🚀

Deployment terms

How agents get hosted, paid for, and shipped to production.

🚀Deployment
AI agent framework
A library or toolkit for building AI agents — providing primitives for tool calling, planning, memory, and orchestration so you do not rebuild the agent loop from scratch.
🚀Deployment
AI drift
The phenomenon where an AI system's behavior changes over time without explicit code changes — caused by model version updates, training data shifts, or vendor-side changes.
🚀Deployment
AI pilot
A time-boxed, scope-limited deployment of an AI agent against a real workflow to measure quality, cost, and adoption before broader rollout. The standard 2026 enterprise procurement pattern.
🚀Deployment
Batch inference
Running model inference asynchronously over a large batch of inputs, traded for latency.
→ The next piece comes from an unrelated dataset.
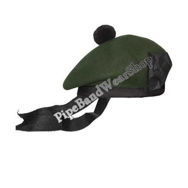 Scottish Balmoral bonnet green pure 100% wool fully lined for comfort traditional construct with green toorie pom pom on top of the hat.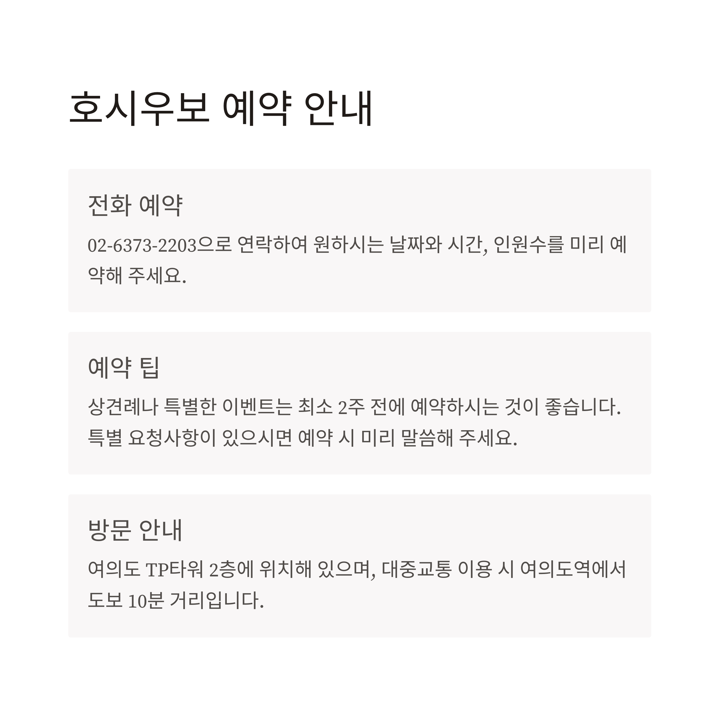 | 호시우보 위치 | 서울 영등포구 의사당대로 96 TP타워 2층 |

OpenAI/Anthropic batch APIs are typically 50% cheaper than sync calls.
🚀Deployment
BYO key
A deployment pattern where you supply your own model API key to the agent — token costs are billed to you directly, the agent vendor charges only for the software.
🚀Deployment
Dense retrieval
The standard modern retrieval approach where queries and documents are encoded as dense embedding vectors and matched by similarity — distinct from sparse retrieval (BM25, keyword search).
🚀Deployment
Edge AI
AI that runs on the device where data is generated — phone, laptop, IoT, vehicle, factory floor — rather than in a remote data center. Trades model size for latency, privacy, and offline operation.
🚀Deployment
Hybrid search
A retrieval technique that combines vector (semantic) search with keyword (lexical) search, fusing the scores to get higher precision than either alone. The 2026 production-grade default for RAG.
🚀Deployment
Inference-time compute
Spending more compute at inference (longer reasoning chains, multiple samples, search) to improve quality on hard problems — the architectural bet of 2025–2026 reasoning models.
🚀Deployment
Local LLM
A large language model running entirely on hardware you control — your laptop, your server, or your data center — with no calls to external APIs.
🚀Deployment
Model serving
The infrastructure layer that hosts a model and exposes inference over HTTP — covering batching, scheduling, KV-cache management, and request routing.
🚀Deployment
No-code AI
AI tools that let non-engineers build agents, workflows, or applications via visual interfaces — drag-and-drop, prompts, or declarative configuration instead of writing code.
🚀Deployment
On-prem
A deployment where the agent runs entirely on infrastructure the customer controls — no agent code or customer data leaves the customer's network.
🚀Deployment
Open source agent
An agent whose source code is publicly licensed (MIT, Apache, AGPL) — you can self-host, fork, and audit.
🚀Deployment
Private inference
Running LLM inference inside your security perimeter (VPC, on-prem, confidential compute) so prompts and outputs never leave your control. Mandatory for regulated industries.
🚀Deployment
Semantic chunking
A document-splitting technique that uses embeddings to detect semantic boundaries — produces more coherent chunks for RAG than fixed-size chunking, improving retrieval quality.
🚀Deployment
Semantic routing
A routing technique that uses embedding similarity to send each request to the right model, agent, or workflow — instead of brittle keyword rules or expensive LLM classifiers.
🚀Deployment
SGLang
An LLM inference and programming framework optimized for structured generation, agent workloads, and complex prompting patterns — competitive with vLLM on throughput and faster on JSON/grammar-constrained output.
🚀Deployment
Small language model
A capable LLM in the 1B–13B parameter range — trained to compete with frontier-quality on specific tasks while running on consumer hardware or at fraction-of-frontier cost.
🚀Deployment
Streaming inference
Serving LLM outputs token-by-token as they're generated, typically over SSE or WebSocket — the default deployment pattern for any user-facing AI in 2026.
🚀Deployment
TCO
Total cost of ownership — the all-in cost of running an agent including subscription, token spend, ops time, and integration work.
🚀Deployment
vLLM
A high-throughput open-source LLM inference engine — pioneered PagedAttention to manage KV cache like virtual memory, dramatically improving GPU utilization for serving open models.